◆ Instructions for the task
Produce an exact copy of the lines from the line containing "Shamir Iqtidar, Lament" through the last line of the listing below, both ends included, and nothing else.

◆ Records for the exercise
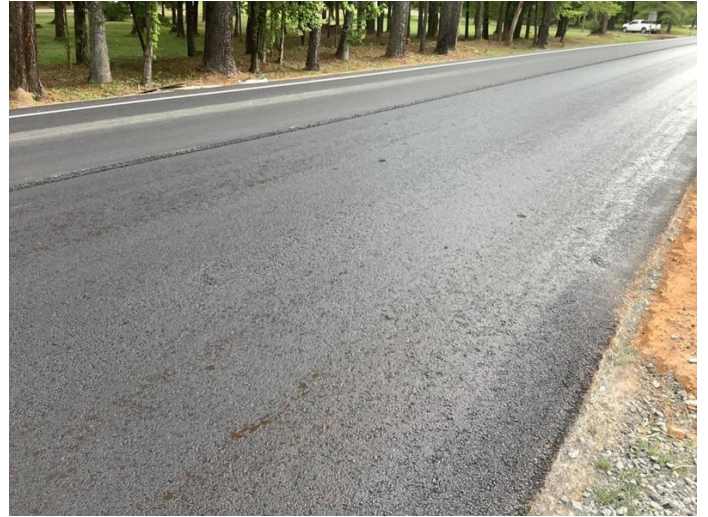
Broken Tack (Uniform Coverage)
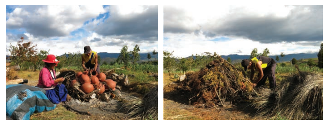
Figure 10. Open firing in Sigsig, 2014.
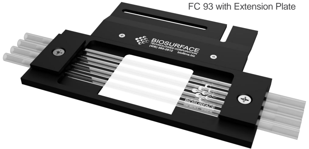
FC 93 with Extension Plate
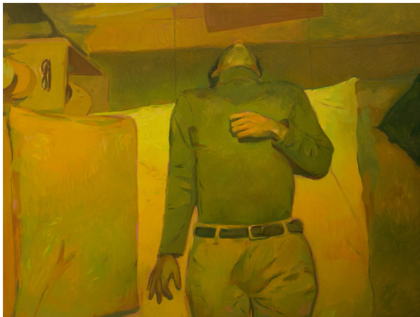
Shamir Iqtidar, Lament , 2025 Oil on canvas. 30 x 40 inches

An exhibition exploring how style, fantasy, and a heightened sense of atmosphere can also reveal profound emotional truths

◆ Answer below
Shamir Iqtidar, Lament , 2025 Oil on canvas. 30 x 40 inches

An exhibition exploring how style, fantasy, and a heightened sense of atmosphere can also reveal profound emotional truths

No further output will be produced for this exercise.